New York Times' critic Christopher Isherwood, in his Best Theater picks for 2014, called Father Comes Home From the Wars, Parts 1, 2 & 3" the most audacious and exciting stage production of the year. It is the first third of an ambitious work that will ultimately consist of nine plays spanning more than a century and a half. Parks says that this production continues her long-standing relationship with the Public Theatre, which also staged her "Top Dog/Under Dog" which won the 2002 Pulitzer in drama.)

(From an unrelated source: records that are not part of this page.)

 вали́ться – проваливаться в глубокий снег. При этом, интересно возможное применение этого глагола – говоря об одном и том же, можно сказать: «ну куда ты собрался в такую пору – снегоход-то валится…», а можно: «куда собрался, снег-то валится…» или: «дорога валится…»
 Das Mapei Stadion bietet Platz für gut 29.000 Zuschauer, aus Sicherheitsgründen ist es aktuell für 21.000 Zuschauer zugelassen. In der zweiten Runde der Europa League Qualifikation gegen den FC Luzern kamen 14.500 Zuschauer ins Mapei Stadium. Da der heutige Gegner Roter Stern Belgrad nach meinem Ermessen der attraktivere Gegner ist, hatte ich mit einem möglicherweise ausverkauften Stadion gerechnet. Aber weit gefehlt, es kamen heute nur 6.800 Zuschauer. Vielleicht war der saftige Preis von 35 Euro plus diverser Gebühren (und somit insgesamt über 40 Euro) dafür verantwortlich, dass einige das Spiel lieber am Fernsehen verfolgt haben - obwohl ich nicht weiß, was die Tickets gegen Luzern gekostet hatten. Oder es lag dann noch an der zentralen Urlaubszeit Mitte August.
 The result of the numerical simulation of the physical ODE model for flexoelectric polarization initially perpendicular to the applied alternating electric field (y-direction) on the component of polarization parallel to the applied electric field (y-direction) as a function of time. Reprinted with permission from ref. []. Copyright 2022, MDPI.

Parks has enjoyed a long relationship with ART, as well. Her "The American Play," written between 1990 and 1993, was staged at the Hasty Pudding Club stage as an ART production. It also takes place in the era of the Civil War's aftermath and revolves around an unnamed African-American gravedigger -- referred to as the "Foundling Father" -- who fame comes from his uncanny resemblance to Abraham Lincoln, which he puts to creative use by allowing customers to take the role of John Wilkes Booth and re-enact Lincoln's assassination. This excavation of history as imagined by Parks utilizes an actual hole in the ground. Parks says, however, that then, as well as now, her interest is not in presenting metaphors on stage, but "in telling a story.

"I have a story I want to tell," she said.

"'Father"' follows the fortunes of a slave who fights in the Civil War on the side of his master, a Confederate colonel. "This was the rare production in which text, design, acting and direction were all in consummate accord. I can't wait to see more," wrote Isherwood.

Parks herself enthuses about the show at ART. "It's a wonderful production."